My 1960s work had produced a system concept of computer augmentation that by the 70s I was calling “CyberConn” - Cyber from Cybernetics, Conn from taking the conn of a ship. The notion was “feedback to the one(s) steering.” By the 80s, there were primitive and expensive computer tools that could be configured to support some aspects of this program. Today, the tool kit is getting progressively more powerful and less costly. Yet, most of the THERE illustrated, above, remains beyond affordable reach and has to be accomplished by human agents instead of computer agents. Never-the-less the work algorithms remain, essentially, the same and have been worked out in the last 20 years of Mangement Center development.

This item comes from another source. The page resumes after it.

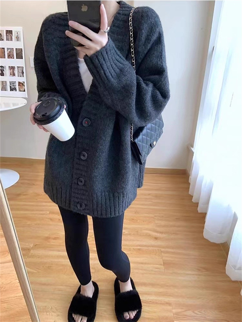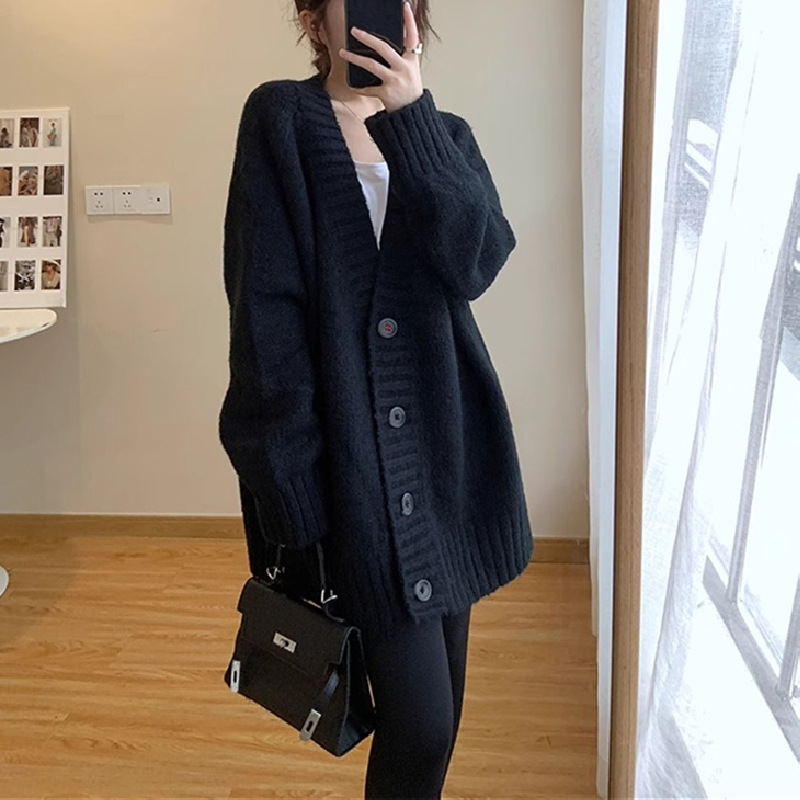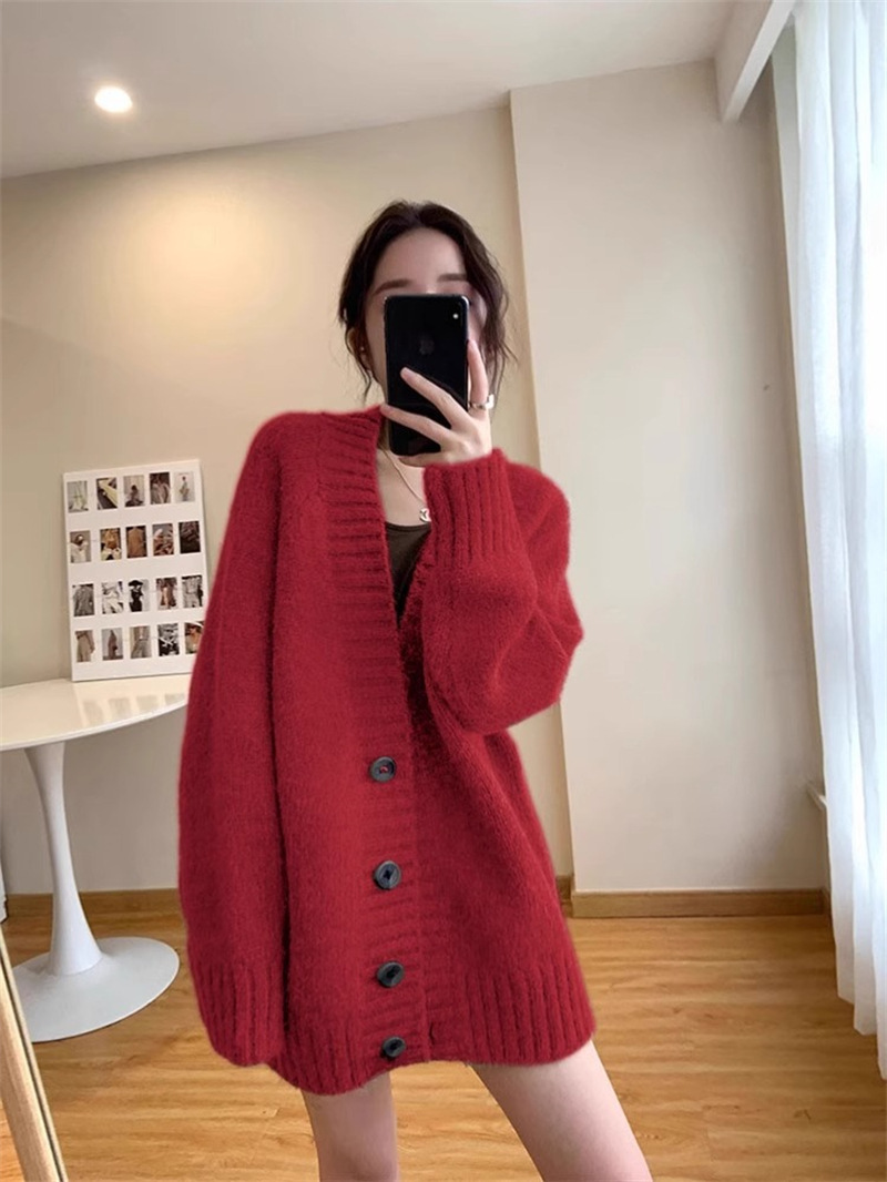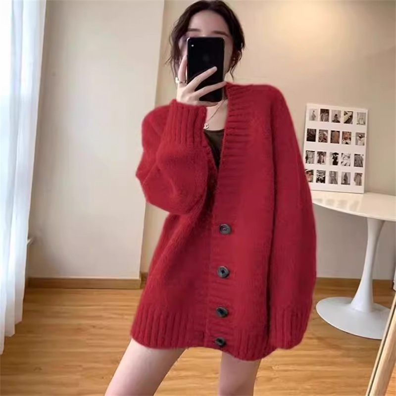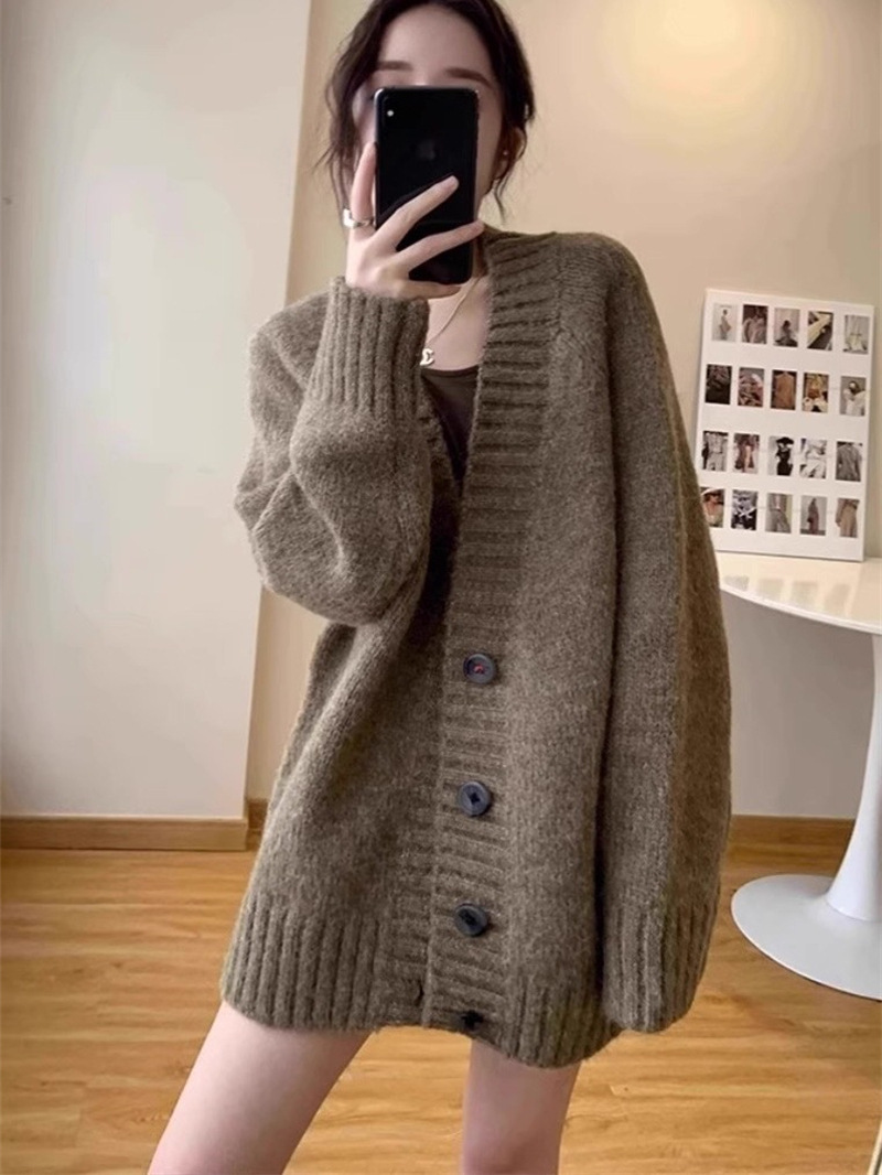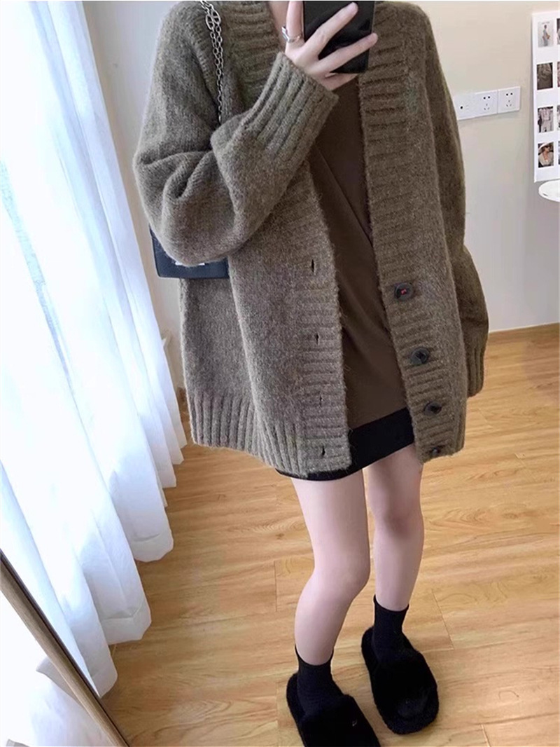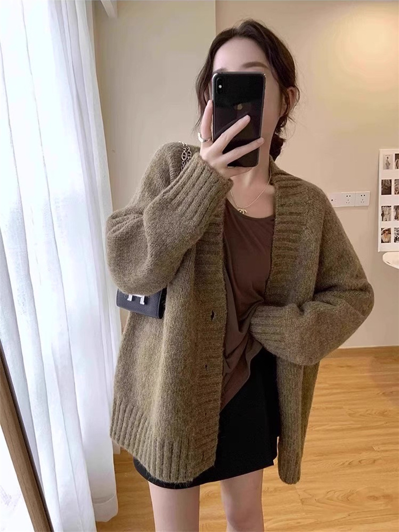 慵懒风复古宽松V领毛衣外套女秋冬季韩版轻熟风外搭长袖针织开衫

The work process and technology augmentation aspects of this are covered elsewhere. The focus of this article is the architectural implications associated with our approach to work environments.

In the 1980s there were a number of challenges. There were no examples of large group interactive learning and working environments. Environments could not be easily and quickly reconfigured as need by the users. What technology that did exist was intrusive, further restricted space arrangements and got between the participants in a process. All of this added up to an environment that set the work process agenda to an overwhelming degree. These conditions largely still describe the work environment today despite talk about teams and collaboration.

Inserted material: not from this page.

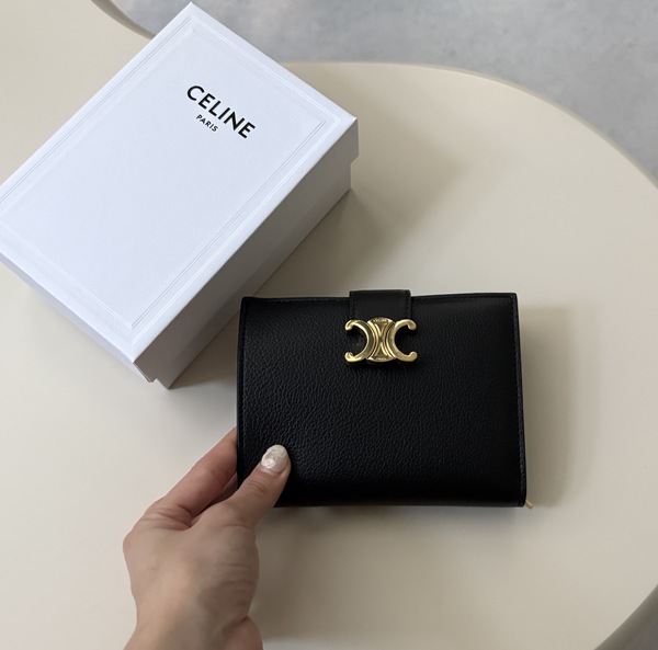 ∟セリーヌでずっと売れている定番モデルがこちらの「ミディアム ストラップ ウォレット」。こちらは、トリオンフがアクセントになっている2つ折りのタイプのお財布で、サイズ感としてはミニ財布というよりかはミディアムサイズぐらいの大きさ。そのため、ミニ財布と長財布のいいとこ取りをしたようなモデルとなっています!
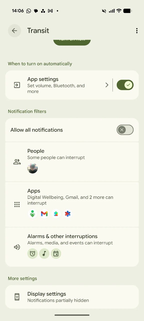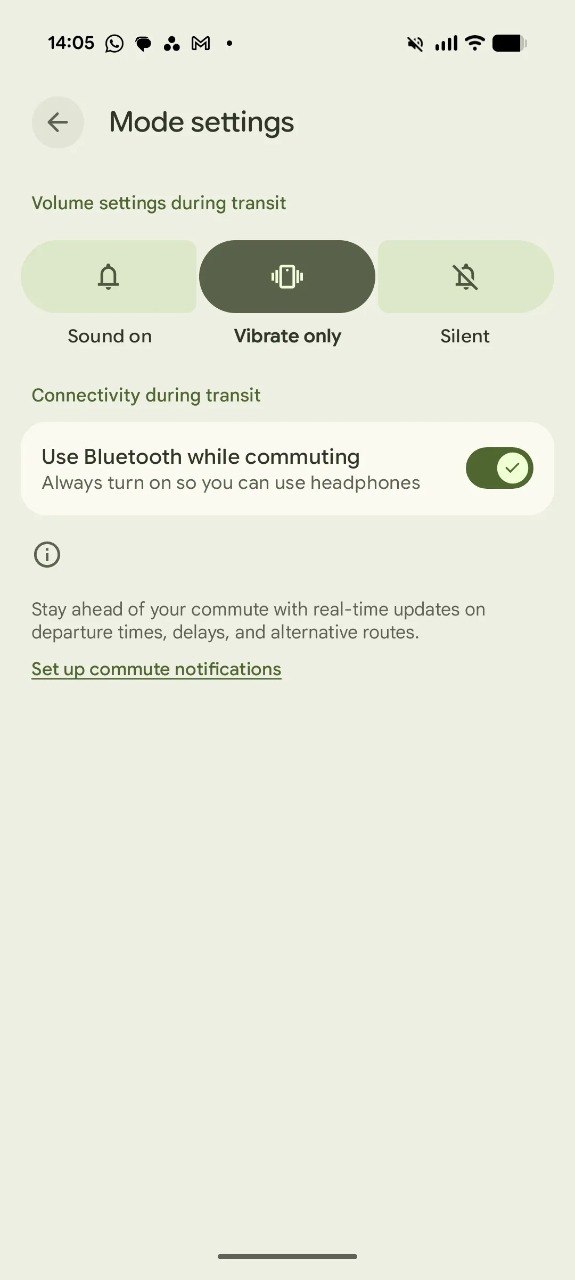 El modo de transporte fue introducido como parte del lanzamiento de marzo de Pixel, pero ahora está disponible para todos. Este modo permite personalizar cómo se comporta tu teléfono durante los trayectos, como ir al trabajo o a casa. También ayuda a configurar alertas en tiempo real sobre tu viaje.

When we started, we found that we had to design and build almost every element of our environments ourselves. Today, we have one of the most comprehensive suites of WorkFurniture™ produced by any manufacture in the world. And, we have almost the only designs that were driven by an intimate understanding of the work-process requirements. Putting wheels on furniture derived from the old work-habits will not get it done.

Besides the component aspects of the environments there were other issues we had to deal with: lighting, enough open, unobstructed space for large groups, acoustics, appropriate ceiling heights, plug and play technology, the creation of adequate spacial and psychological variety, were among them.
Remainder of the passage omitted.